Russia’s systematic deportation of Ukrainian children — coordinated by multiple actors, and extensively documented in reports by the Yale Humanitarian Research Lab — violates several instruments of international law, including the Fourth Geneva Convention, the Genocide Convention, and the U.N. Convention on the Rights of the Child.
Previously, Mykola Kuleba — founder of child advocacy organization Save Ukraine and Ukraine’s child ombudsman from 2014-2021 — told OSV News that counting all Ukrainian children in Russian-occupied territories, the true number of endangered children is some 1.6 million. Some have been drafted into the Russian army upon reaching the age of 18.

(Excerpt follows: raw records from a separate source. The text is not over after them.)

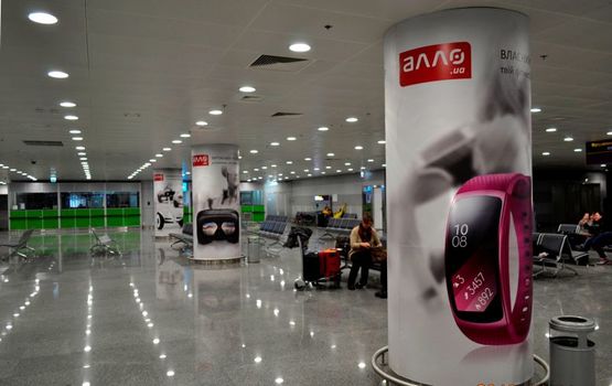 Заказать Нестандартная конструкция в г. Борисполь по адресу Терминал D. Зона вылета внутренние рейсы. Брендирование колонн в зале регистарции вылета (пакет из 4 шт.) можно позвонив менеджерам по телефонам: +38(099) 395-28-27, или через форму онлайн заявки
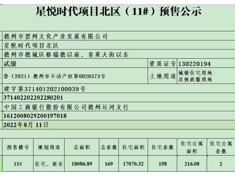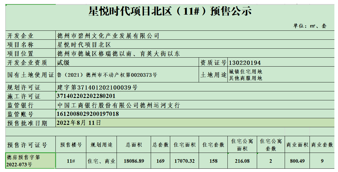 - 德房预售字第2022-73号 详情发证时间 2022-08-11绑定楼栋北区(11#)证件照片
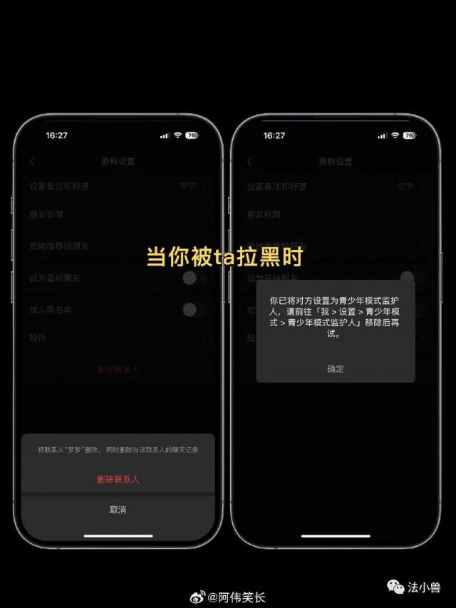 如果你想在设置后将监护人列入黑名单或删除对方,系统会提示你已经将对方设置为青少年模式监护人,而不是将对方列入黑名单或删除对方。
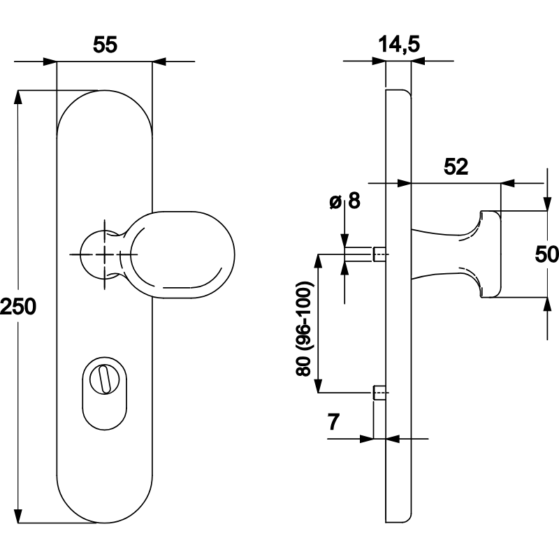 - Schildhöhe: 250 mm, Schildbreite: 55 mm
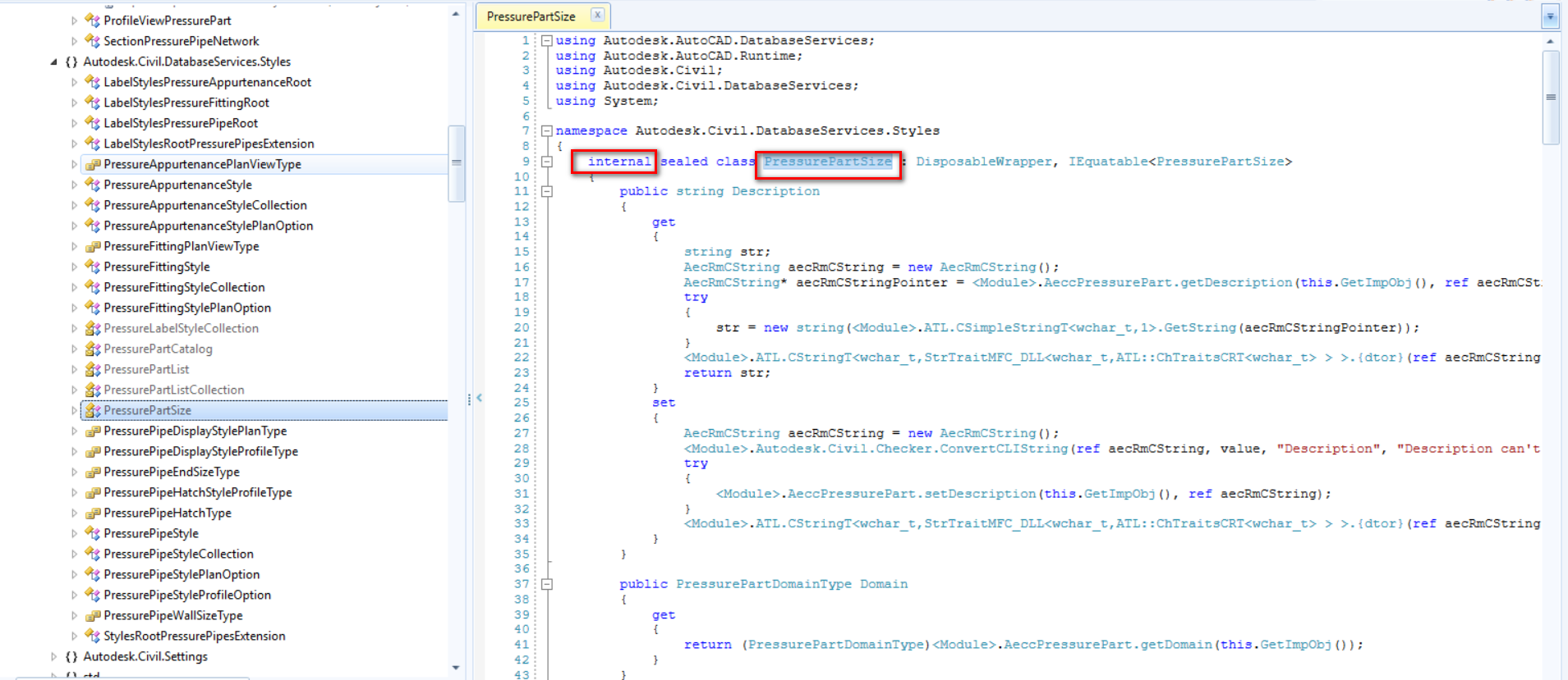 由于保护级别的关系,Autodesk.Civil.DatabaseServices.Styles.PressurePartSize显示了可访问的错误。

Among the more than 750 children Kuleba has rescued was an orphan named Serhii, who last year at age 17 received a draft notice informing him to report to the Russian army immediately upon his 18th birthday.
“We concentrate on these innocents today, and we will remember them in prayer always,” said Metropolitan Antony. “Remember the children who are now held in captivity.”
“May the abducted children of Ukraine be returned quickly into the embrace of their loving families,” said Bishop Chomnycky.